The Queen turns to President Obama, ” Mr. President, please accept my regrets… I am sure you understand there are some things that even a Queen cannot control.”
Obama, always trying to be “Presidential,” replied: “Your Majesty, do not give the matter another thought… Until you mentioned it, I thought it was one of the horses.
gtok is the winner!!!!
A lady calls the police to report her husband is missing. The police arrive and ask for a description. She tells them he’s 6 foot 2 inches tall, blonde wavy hair and has a smile that makes everybody love him. The police then go to the next door neighbor to verify this report and the lady next door tells the police, “You can’t believe her. He’s 5 foot 4 inches tall, has no hair and he wears a perpetual frown on his face.” The neighbor then goes and asks the lady why she gave the police such a false report. She replies, “Just because I reported him missing, doesn’t mean I wanted him back!”
MARK
Hi there:)
I urgently needed a few days off work, but, I knew the Boss would not allow me to take a leave.

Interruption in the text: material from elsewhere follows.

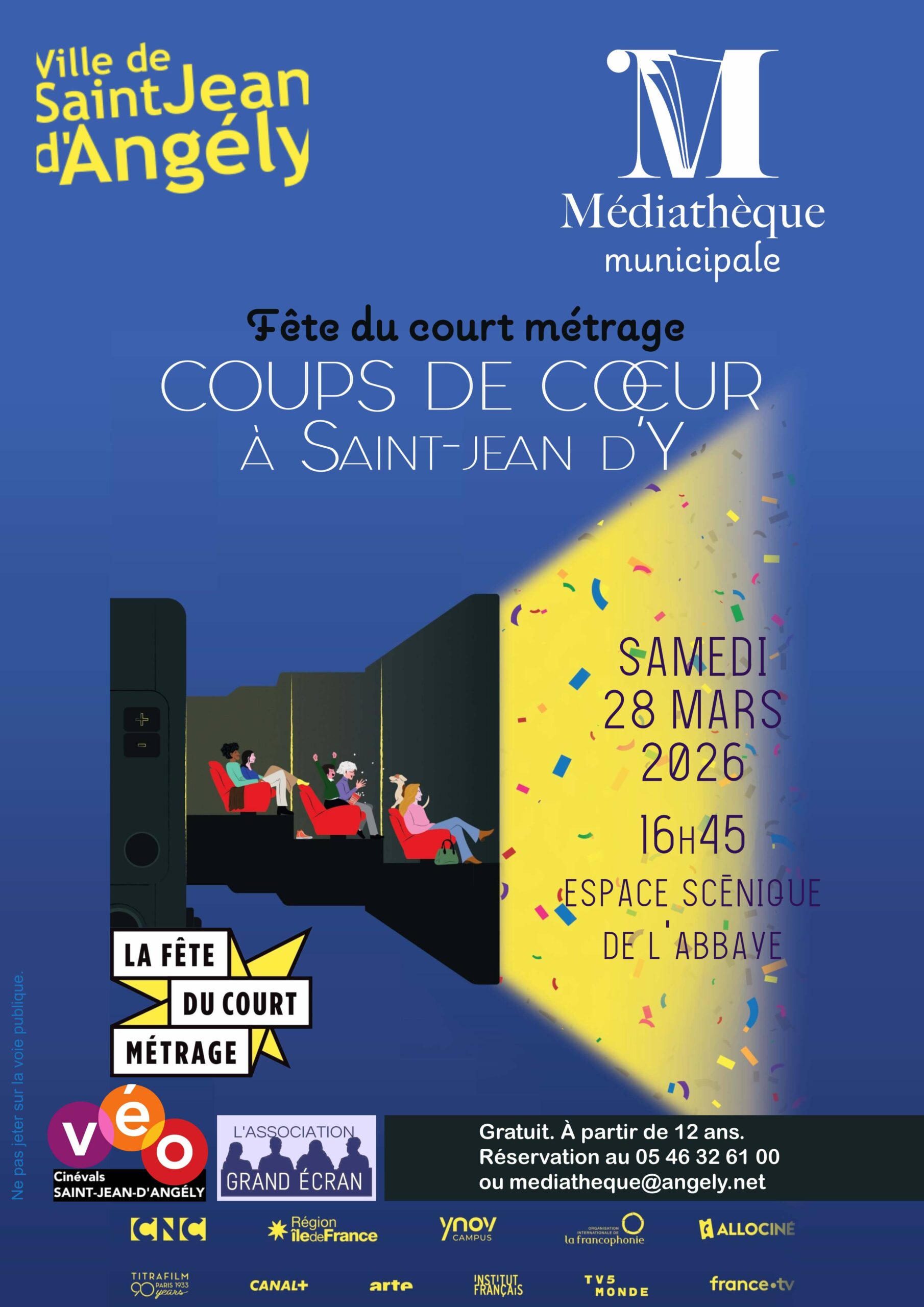2026En savoir +5 courts métrages coups de cœur du public. Projection suivie d’un verre du cinéphile. Gratuit 16h45-18h15 À partir de 12 ans Sur réservation 05 46 32 61 00 ou mediatheque@angely.net Espace scénique de l’Abbaye royale En partenariat avec l’association Grand Ecran, Cinévals, la Micro folie

I thought that maybe if I acted ‘Crazy’ then he would tell me to take a few days off.
So I hung upside-down on the ceiling and made funny noises.
My co-worker (who’s blonde) asked me what I was doing.
I told her that I was pretending to be a light bulb so that the Boss would think I was ‘Crazy’ and give me a few days off.
A few minutes later the Boss came into the office and asked, ‘What in the name of GOD are you doing?’
I told him I was a light bulb.
He said, ‘You are clearly stressed out.’ Go home and recuperate for a couple of days.’
I jumped down and walked out of the office…
When my co-worker (the blonde) followed me, the Boss asked her, ‘..And where do you think you’re going?!’
(You’re gonna love this….)
She said, ‘I’m going home, too. I can’t work in the dark.’
A very rich Kuwaiti prince goes to study in Berlin, Germany. His oil tycoon sheikh father sends him a gold Mercedes immediately to make sure his son reaches classes on time. A few weeks go by and the son sends the car back to Kuwait to his father with a note saying “Dear Father, I feel ashamed driving the gold Mercedes when all my professors come to the university in a train.” The very next day the son receives a cheque of 10 million dinars with a note saying “Dear Son, don’t put your family to shame!!! You buy a train too!!!”